More than half of the annual precipitation over South Korea occurs in summer (June–July–August). Therefore, adequate simulations of the precipitation during that period in a model are important. Furthermore, South Korea requires a high-resolution model because the climate presents large spatiotemporal variations because of the combined effects of geographical features (e.g., local topography and monsoon) (e.g., Kang and Hong 2008; Hong and Ahn 2015). As an ongoing effort to simulate the summer precipitation over South Korea, many researchers have investigated the reproducibility of and future changes in the precipitation characteristics using downscaled high-resolution multi-RCM data (e.g., Hong and Ahn 2015; Ahn et al. 2016b; Im et al. 2017a). On the other hand, insufficient research has been conducted on seasonal predictions of regional-scale precipitation over South Korea using multi-RCM data.

Massive computing resources are needed to produce multiple RCM ensemble seasonal predictions. Therefore, one institution typically produces an ensemble set using one model (so-called single model ensemble (SME)) for quasi-real-time seasonal predictions. A designated institution then collects and re-ensembles the SME sets produced by different institutions, called a MME. In producing seasonal predictions using the MME, each institution must produce an SME within an appropriate time. It should be emphasized that, however, it is a time-consuming work for an institution even to produce a set of large EMs using one RCM to deliver a SME because of computing resources.

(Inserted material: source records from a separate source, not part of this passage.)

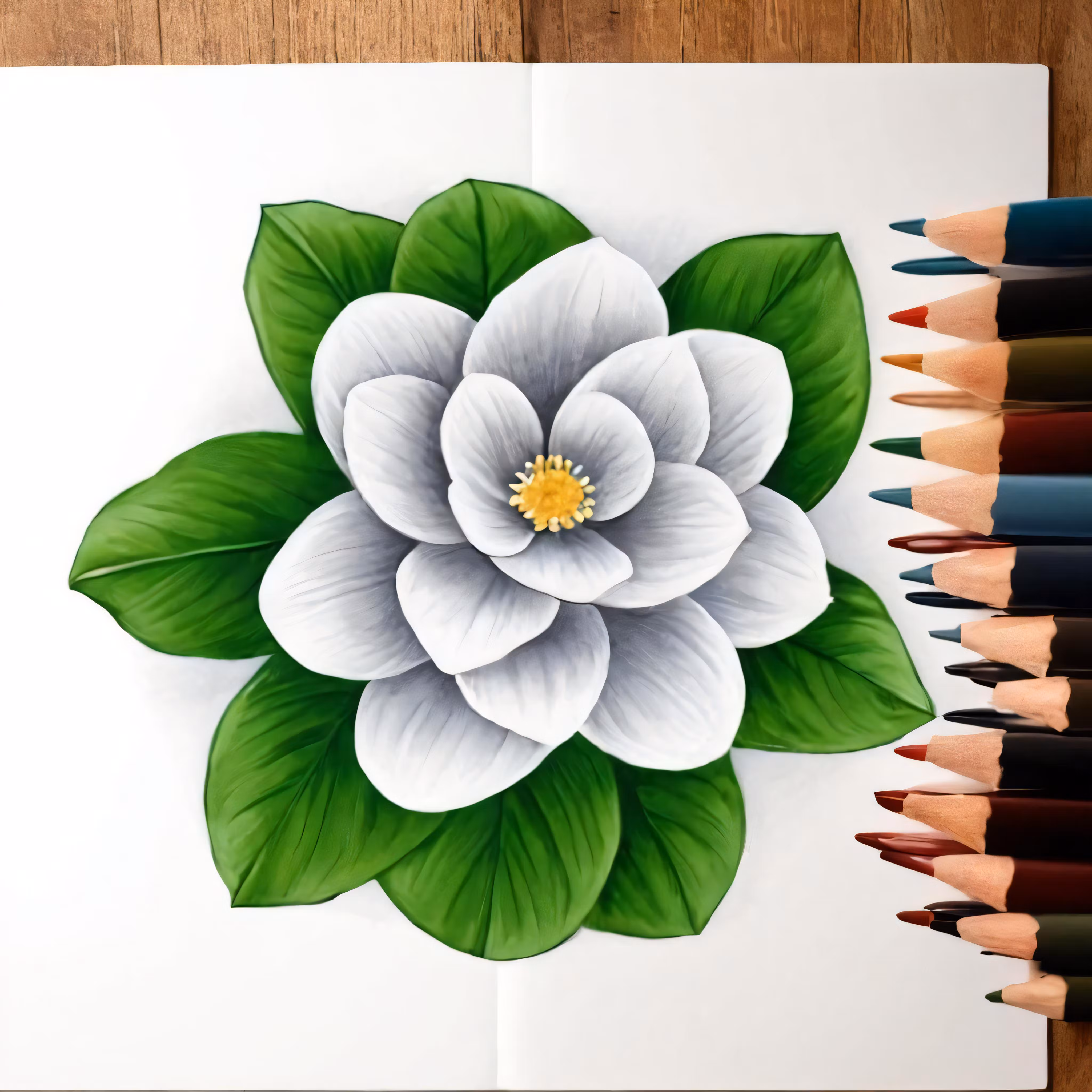 High resolution picture, free to use, a flower drawn on paper with some colored pencils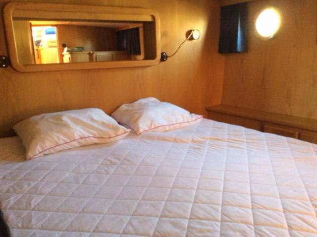 Rear cabin with big double berth, cupboards and wardrobe, safe, bathroom with basin, electric wc and good size shower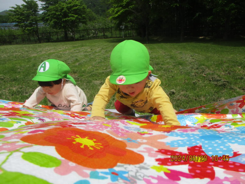 レジャーシートの上を上手にハイハイをしています。坂になっているのでバランスが難しいですね。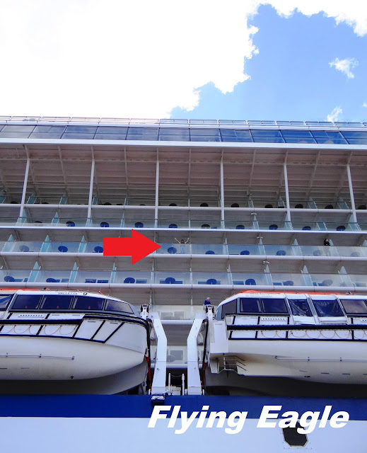 ▲從平地仰視位於11樓的艙房,看到紅箭頭指的我嗎?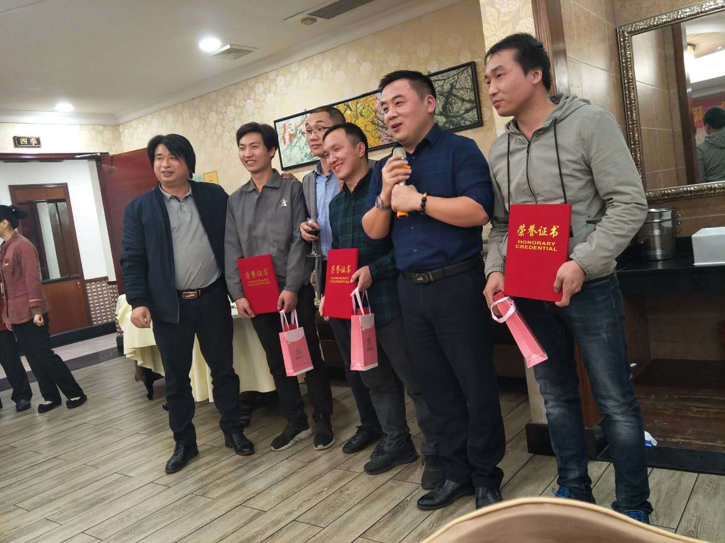 、鄭總一起為研發(fā)部和生產(chǎn)部幾名做出了突出貢獻(xiàn)的員工頒發(fā)了榮譽(yù)證書!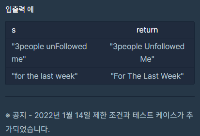 Q. JadenCase란 모든 단어의 첫 문자가 대문자이고, 그 외의 알파벳은 소문자인 문자열입니다. 단, 첫 문자가 알파벳이 아닐 때에는 이어지는 알파벳은 소문자로 쓰면 됩니다. (첫 번째 입출력 예 참고) 문자열 s가 주어졌을 때, s를 JadenCase로 바꾼 문자열을 리턴하는 함수, solution을 완성해주세요. 제한 조건 s는 길이 1 이상 200 이하인 문자열입니다. s는 알파벳과 숫자, 공백문자(" ")로 이루어져 있습니다. 숫자는 단어의 첫 문자로만 나옵니다. 숫자로만 이루어진 단어는 없습니다. 공백문자가 연속해서 나올 수 있습니다.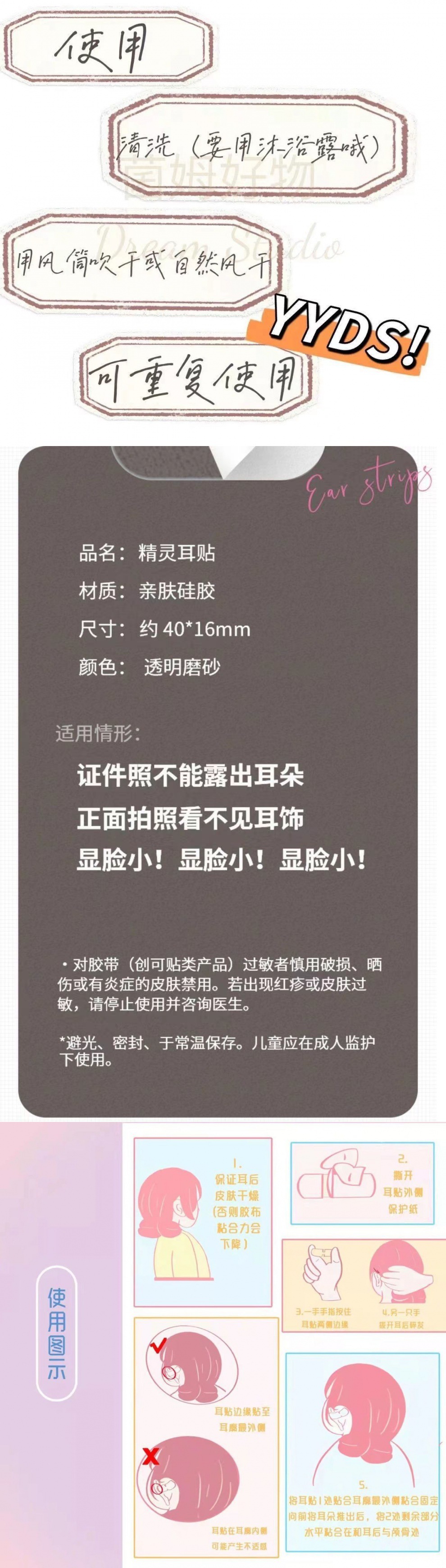 货号 QuRKn4LzpE8jTTT8ShlCwAsqg7M=耳朵神器拍照支撑硅胶贴贴小耳朵红网固定贴面速
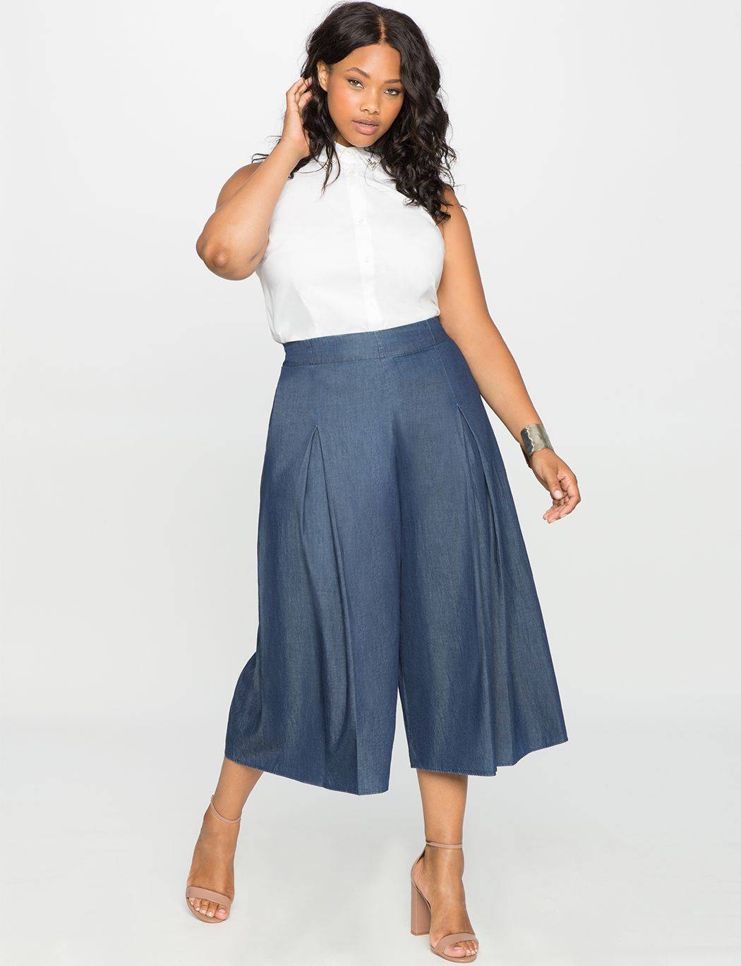 Стилисты советуют надевать юбку-брюки полным женщинам, поскольку модель подчеркивает плюсы и скрывает минусы в области живота и бедер.

This paper proposes an ensemble mean method (EMM) to increase the prediction efficiency by shortening the computational time to produce an SME. This method obtains the SME by integrating the RCM once using initial and lateral boundary conditions obtained by arithmetically averaging the outputs of the GCM EMs. The EMM was first mentioned by Yoshimura and Kanamitsu (2013). They insisted that the EMM constructed by averaging the GCM ensembles could dampen the high-frequency variations in the wind fields, resulting in an underestimation of the transient components of moisture divergences and precipitation. Nevertheless, their analysis focused on the whole global domain using a global dynamical downscaling model. The evaluation of simulated variables in specific regions by applying the EMM to RCM has not been adequately discussed so far. Recent studies proposed that correcting systematic biases inherent to the GCM outputs could improve dynamical downscaling simulations (e.g., Xu et al. 2019; Adachi and Tomita 2020). Many researchers have utilized various sophisticated modified boundary dynamical downscaling methods (MBDDS), such as the mean bias correction method (e.g., Peng et al. 2013; Bruyère et al. 2014; Ratnam et al. 2016), mean and variance bias correction method (e.g., Xu and Yang 2012; Hoffmann et al. 2016), and quantile-quantile correction method (e.g., Michelangeli et al. 2009; Colette et al. 2012). Lim et al. (2019) suggested an MBDDS approach by applying the mean bias correction method to the GCM ensemble mean fields. The approach improved the downscaled winter climate over East Asia in terms of the climatological mean, interannual variability, and extreme events. Nonetheless, the MBDDS corrects each variable individually, indicating that the physical relationships between variables, such as hydrostatic equilibrium and geostrophic wind balance, may not be preserved (e.g., Meyer and Jin 2016; Hernández-Díaz et al. 2017). In addition, it is unclear if the corrected GCM outputs will help improve the seasonal predictability of downscaled precipitation.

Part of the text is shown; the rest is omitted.